(Source data)
----------------------------------------

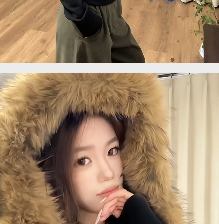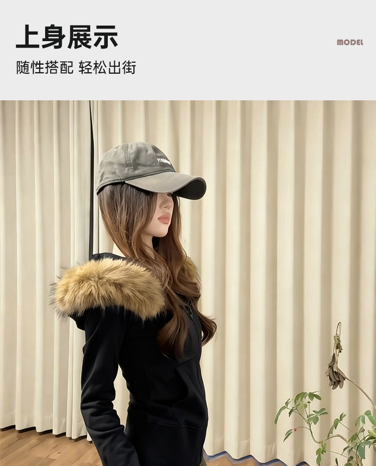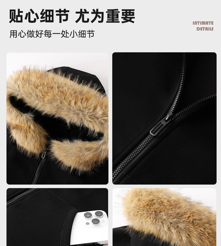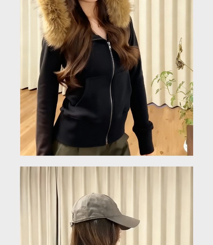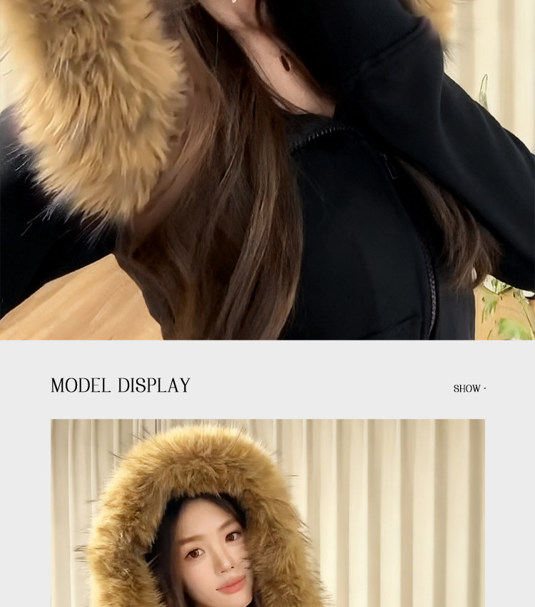 American-Style Black Fur Collar Hooded Sweatshirt for Women, Autumn and Winter Slim-Fit Waist-Cinching Korean-Style Fleece-Lined Thick Short Jacket Outfit
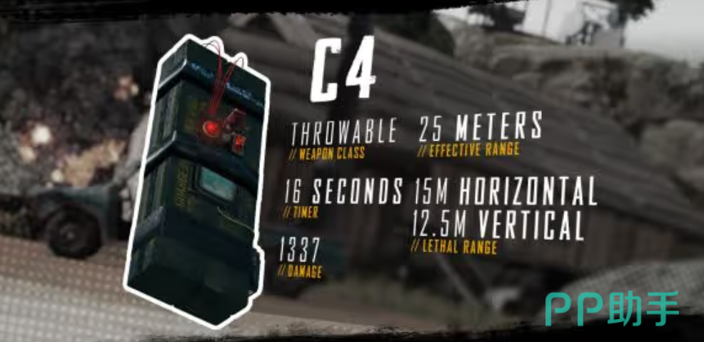 C4的爆炸时间长达16秒,这给了玩家充分的准备时间。你可以利用这段时间接近敌人,或者将C4放置在敌人必经之路上。C4的爆炸范围在半径25米内,位于爆炸位置的垂直半径5米、水平半径15米内的角色将会受到足以导致玩家被淘汰的伤害量。所以在放置C4时,要考虑到敌人的位置和移动方向,确保爆炸范围能够覆盖到目标。
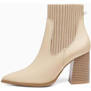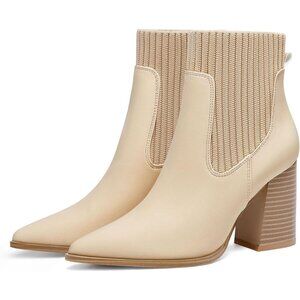 ⚡Women's Apricot Ankle Boots Sock Booties Pointed Toe Chunky Stacked High Heel
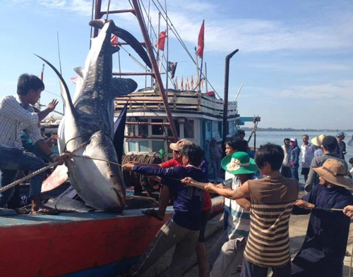 Ngư dân địa phương cùng với ngư dân Quảng Ngãi đưa cá ra khỏi tàu

----------------------------------------

Return an exact transcription of the material, with its pictures left out.

 American-Style Black Fur Collar Hooded Sweatshirt for Women, Autumn and Winter Slim-Fit Waist-Cinching Korean-Style Fleece-Lined Thick Short Jacket Outfit
 C4的爆炸时间长达16秒,这给了玩家充分的准备时间。你可以利用这段时间接近敌人,或者将C4放置在敌人必经之路上。C4的爆炸范围在半径25米内,位于爆炸位置的垂直半径5米、水平半径15米内的角色将会受到足以导致玩家被淘汰的伤害量。所以在放置C4时,要考虑到敌人的位置和移动方向,确保爆炸范围能够覆盖到目标。
 ⚡Women's Apricot Ankle Boots Sock Booties Pointed Toe Chunky Stacked High Heel
 Ngư dân địa phương cùng với ngư dân Quảng Ngãi đưa cá ra khỏi tàu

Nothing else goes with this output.